On appeal, the Commissioner contends that the district court erred in (1) reversing the denial of a 1985 beekeeping license; (2) reversing the findings that Prettyman brought bees or equipment into North Dakota without obtaining an entrance permit and without submitting a health certificate; and (3) ordering that the civil penalty be modified on remand to not exceed $1,500.
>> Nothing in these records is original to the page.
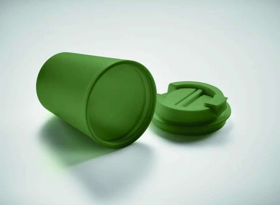 Dwuwarstwowy kubek wykonany z PP pochodzącego. Pojemność: 300 ml.
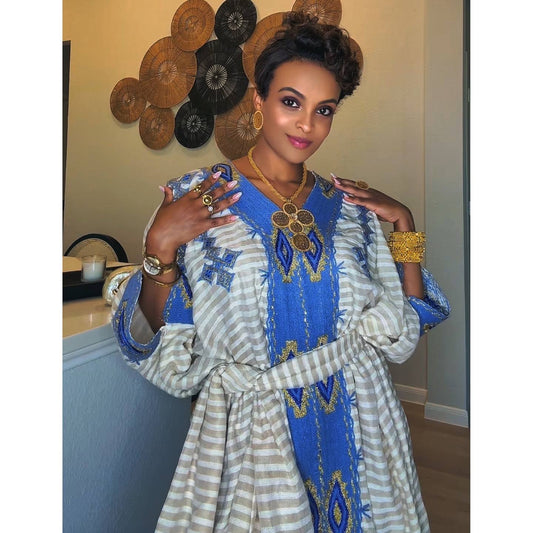 Traditional Habesha Dress Blue and Gold Embroidery Habesha Kemis Stunning Ethiopian & Eritrean Clothing 153
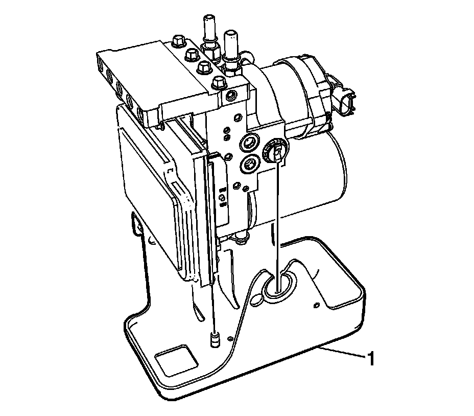 17. Slide the EBCM/BPMV and bracket assembly (1) toward the front of the vehicle and remove the assembly from the vehicle frame.

Section 28-32-19, N.D.C.C., which governs the scope of review of administrative agency decisions in both the district court and in this court, provides:

“28-32-19. Scope of and procedure on appeal from determination of administrative agency. The court shall try and hear an appeal from the determination of an administrative agency without a jury and the evidence considered by the court shall be confined to the record filed with the court.... After such hearing, the court shall affirm the decision of the agency unless it shall find that any of the following are present:
“1. The decision or determination is not in accordance with the law.
“2. The decision is in violation of the constitutional rights of the appellant. “3. Provisions of this chapter have not been complied with in the proceedings before the agency.
“4. The rules or procedure of the agency have not afforded the appellant a fair hearing.
“5. The findings of fact made by the agency are not supported by a preponderance of the evidence.
“6. The conclusions and decision of the agency are not supported by its findings of fact....”

The courts must affirm an administrative agency decision unless one of the six items listed in § 28-32-19, N.D.C.C., is present. Triangle Oilfield Services, Inc. v. Hagen, 373 N.W.2d 413 (N.D.1985); In re Annexation of a Part of Donnybrook Public School Dist. No. 24, 365 N.W.2d 514 (N.D.1985). We exercise restraint in reviewing the findings of an administrative *536 agency. Triangle Oilfield Services, Inc. v. Hagen, supra, 373 N.W.2d at 415. In reviewing the factual basis of administrative orders, there are three critical questions: (1)are the findings of fact supported by a preponderance of the evidence; (2) are the conclusions of law sustained by the findings of fact; and (3) is the agency decision supported by the conclusions of law? American State Bank, Etc. v. State Banking Board, 289 N.W.2d 222, 225-226 (N.D.1980). “[W]e do not make independent findings of fact or substitute our judgment for that of the agency. We determine only whether a reasoning mind reasonably could have determined that the factual conclusions reached were proved by the weight of the evidence from the entire record.” Power Fuels, Inc. v. Elkin, 283 N.W.2d 214, 220 (N.D.1979).

Prettyman asserts that the district court’s reversal of the Commissioner’s order denying a 1985 beekeeper’s license is moot. The Commissioner argues that the issue is not moot because the decision will have important consequences in the future administration of the beekeeping license statutes.